--- Exercise details ---
Without the pictures, write the listing out again exactly as it appears.

(Excerpted records)

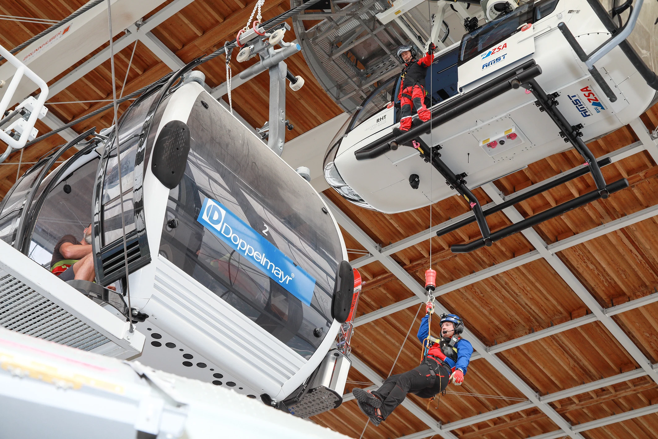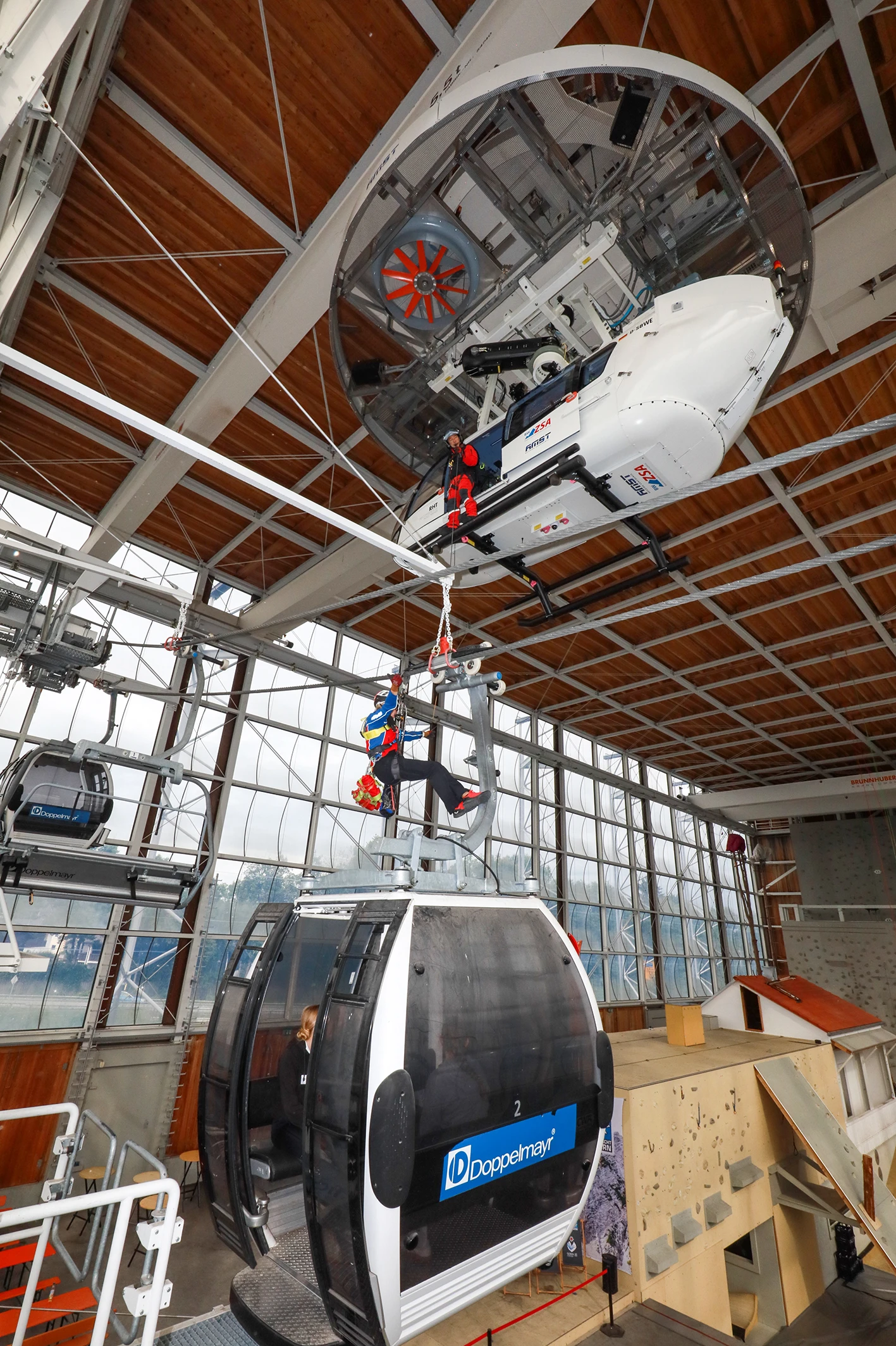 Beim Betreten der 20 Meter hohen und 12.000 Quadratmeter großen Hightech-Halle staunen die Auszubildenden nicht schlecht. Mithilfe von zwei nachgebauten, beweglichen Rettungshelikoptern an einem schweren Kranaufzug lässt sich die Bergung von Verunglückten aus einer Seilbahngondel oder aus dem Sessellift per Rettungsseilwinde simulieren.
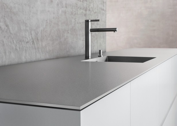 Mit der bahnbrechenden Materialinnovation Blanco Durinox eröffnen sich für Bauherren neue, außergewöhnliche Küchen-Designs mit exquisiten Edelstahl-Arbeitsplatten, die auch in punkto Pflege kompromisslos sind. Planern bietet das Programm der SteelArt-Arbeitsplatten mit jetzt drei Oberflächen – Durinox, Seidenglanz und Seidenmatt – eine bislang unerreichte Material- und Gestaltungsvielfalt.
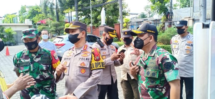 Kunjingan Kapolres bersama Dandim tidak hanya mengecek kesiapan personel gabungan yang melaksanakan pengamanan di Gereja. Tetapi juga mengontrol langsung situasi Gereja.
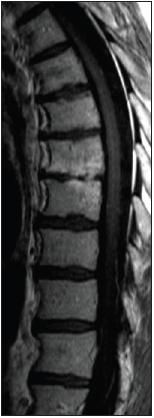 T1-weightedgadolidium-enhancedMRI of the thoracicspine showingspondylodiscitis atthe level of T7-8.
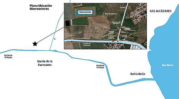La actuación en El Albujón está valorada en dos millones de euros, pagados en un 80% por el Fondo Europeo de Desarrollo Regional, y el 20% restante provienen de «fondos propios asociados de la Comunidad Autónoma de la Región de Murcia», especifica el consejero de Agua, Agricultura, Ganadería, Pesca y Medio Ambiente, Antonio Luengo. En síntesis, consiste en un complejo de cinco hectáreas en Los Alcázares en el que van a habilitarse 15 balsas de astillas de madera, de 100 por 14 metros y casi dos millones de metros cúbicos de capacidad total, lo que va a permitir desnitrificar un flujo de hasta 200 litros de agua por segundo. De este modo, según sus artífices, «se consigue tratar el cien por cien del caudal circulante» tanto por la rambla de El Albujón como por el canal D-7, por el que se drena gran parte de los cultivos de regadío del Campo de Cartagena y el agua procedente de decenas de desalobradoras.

(End Excerpted records)

--- Finished exercise ---
 Beim Betreten der 20 Meter hohen und 12.000 Quadratmeter großen Hightech-Halle staunen die Auszubildenden nicht schlecht. Mithilfe von zwei nachgebauten, beweglichen Rettungshelikoptern an einem schweren Kranaufzug lässt sich die Bergung von Verunglückten aus einer Seilbahngondel oder aus dem Sessellift per Rettungsseilwinde simulieren.
 Mit der bahnbrechenden Materialinnovation Blanco Durinox eröffnen sich für Bauherren neue, außergewöhnliche Küchen-Designs mit exquisiten Edelstahl-Arbeitsplatten, die auch in punkto Pflege kompromisslos sind. Planern bietet das Programm der SteelArt-Arbeitsplatten mit jetzt drei Oberflächen – Durinox, Seidenglanz und Seidenmatt – eine bislang unerreichte Material- und Gestaltungsvielfalt.
 Kunjingan Kapolres bersama Dandim tidak hanya mengecek kesiapan personel gabungan yang melaksanakan pengamanan di Gereja. Tetapi juga mengontrol langsung situasi Gereja.
 T1-weightedgadolidium-enhancedMRI of the thoracicspine showingspondylodiscitis atthe level of T7-8.
La actuación en El Albujón está valorada en dos millones de euros, pagados en un 80% por el Fondo Europeo de Desarrollo Regional, y el 20% restante provienen de «fondos propios asociados de la Comunidad Autónoma de la Región de Murcia», especifica el consejero de Agua, Agricultura, Ganadería, Pesca y Medio Ambiente, Antonio Luengo. En síntesis, consiste en un complejo de cinco hectáreas en Los Alcázares en el que van a habilitarse 15 balsas de astillas de madera, de 100 por 14 metros y casi dos millones de metros cúbicos de capacidad total, lo que va a permitir desnitrificar un flujo de hasta 200 litros de agua por segundo. De este modo, según sus artífices, «se consigue tratar el cien por cien del caudal circulante» tanto por la rambla de El Albujón como por el canal D-7, por el que se drena gran parte de los cultivos de regadío del Campo de Cartagena y el agua procedente de decenas de desalobradoras.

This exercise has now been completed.